Beyond the Jobs, battles are not exceptionally different from other titles in the series. You battle enemies in turn-based combat, gain experience points and money, and occasionally battle a boss. While not a complete overhaul of the system like Final Fantasy XII, it works just fine. Especially notable is the fact that the battle system suffers from none of the glitches that plagued Final Fantasy IV, a deeply welcome fix after that game's issues. Fans will be glad to note that FFV is arguably one of the most difficult titles in the series, and the new optional bosses should provide a good challenge even to those familiar with the original.
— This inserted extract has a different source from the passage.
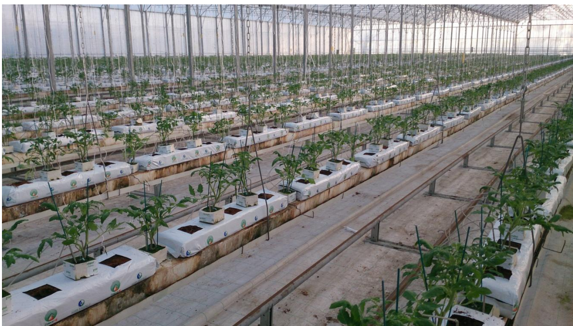
Slika 16. Sadnice rajčice za hidroponski uzgoj (foto original)

Presadnice su cijepljene na podlogu Maxifort te imaju dvije glavne provodne grane po jednoj biljci (V uzgoj). Pošto se radi o hidroponskoj proizvodnji, analiza vode i receptura za fertilizaciju su izrađene u Austriji te ovdje neće biti prikazana. Biljke su posađene u supstrat od kokosovih vlakana a sklop je bio 3 biljke/m 2 .

At heart, Final Fantasy V is a Super Nintendo game. It's not a graphical powerhouse like recent Final Fantasy offerings, but its simplistic sprites have a charm of their very own. The monster art is well done and markedly varied, and each Job has its own unique sprites and animations for the characters. A few minor graphical upgrades have been made to the GBA port, but only diehard fans will really notice them. One issue I did notice was a bit of "lag" when using the Thief's Sprint ability in towns, but it was a minor problem at best, and not enough to detract from overall gameplay.

Unsurprisingly, Final Fantasy V has a beautiful soundtrack. The Final Fantasy franchise is known for its excellent and varied songs, and with a wide variety of excellent tracks, Final Fantasy V is no exception. Most music fits the tone very well, and the battle themes are quite diverse, including my personal favorite, "Battle on the Big Bridge." As an added bonus, the Game Boy Advance port also features a music player, which is a very welcome extra.

For the longest time, Final Fantasy V was the black sheep of the family. Skipped over and poorly ported, few gamers were willing to give this forgotten gem the time of day. With a robust and varied Job system that adds countless customization options, new dungeons and Jobs, and the portability of a handheld, Final Fantasy V is sure to keep even series veterans busy. While far from perfect and showing clear signs of its age, Final Fantasy V Advance is a worthy addition to any gamer's library.